**Problem requirements**. Omit every picture. Return all other data as it stands.

**Material provided**.
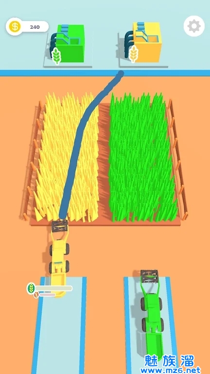 收割供应描述的是一款简单休闲,趣味十足的闯关类游戏,玩家在游戏中通过指尖的移动,来控制农夫角色进行丰收活动,挥舞手中的镰刀,将一棵棵成熟的稻谷收获干净,并且打包装箱,游戏画风采用卡通风格来家具游戏的独特魅力,游戏玩法十分简单,快来下载体验一下吧!
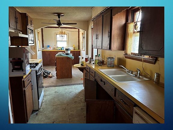Fixer upper or want to design your own the 1004 sq ft house on 411 Main is just that. Built in 1940 the frame with some siding home is a two bedroom one bath. The carport is just outside the back door where a fenced in area is built up against the garage. Cash only
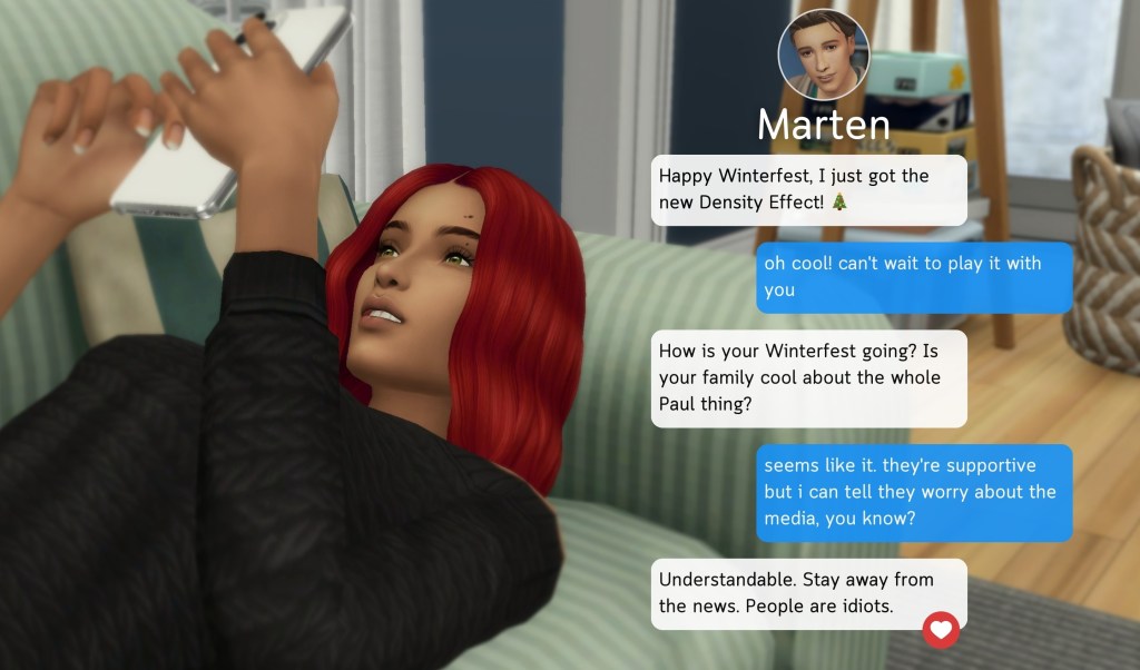 Ivy excitedly told us about her dance studio and Windenburg, and I talked about my life in San Myshuno, my work, and my new friends. I tried to avoid talking about the whole paparazzi thing, but of course my mother and Ivy wanted to know more about Paul. I told them the basics, but the secrecy around our relationship had almost become second nature, and it felt wrong, too intimate, to tell them any details.

**Solution for this task**.
 收割供应描述的是一款简单休闲,趣味十足的闯关类游戏,玩家在游戏中通过指尖的移动,来控制农夫角色进行丰收活动,挥舞手中的镰刀,将一棵棵成熟的稻谷收获干净,并且打包装箱,游戏画风采用卡通风格来家具游戏的独特魅力,游戏玩法十分简单,快来下载体验一下吧!
Fixer upper or want to design your own the 1004 sq ft house on 411 Main is just that. Built in 1940 the frame with some siding home is a two bedroom one bath. The carport is just outside the back door where a fenced in area is built up against the garage. Cash only
 Ivy excitedly told us about her dance studio and Windenburg, and I talked about my life in San Myshuno, my work, and my new friends. I tried to avoid talking about the whole paparazzi thing, but of course my mother and Ivy wanted to know more about Paul. I told them the basics, but the secrecy around our relationship had almost become second nature, and it felt wrong, too intimate, to tell them any details.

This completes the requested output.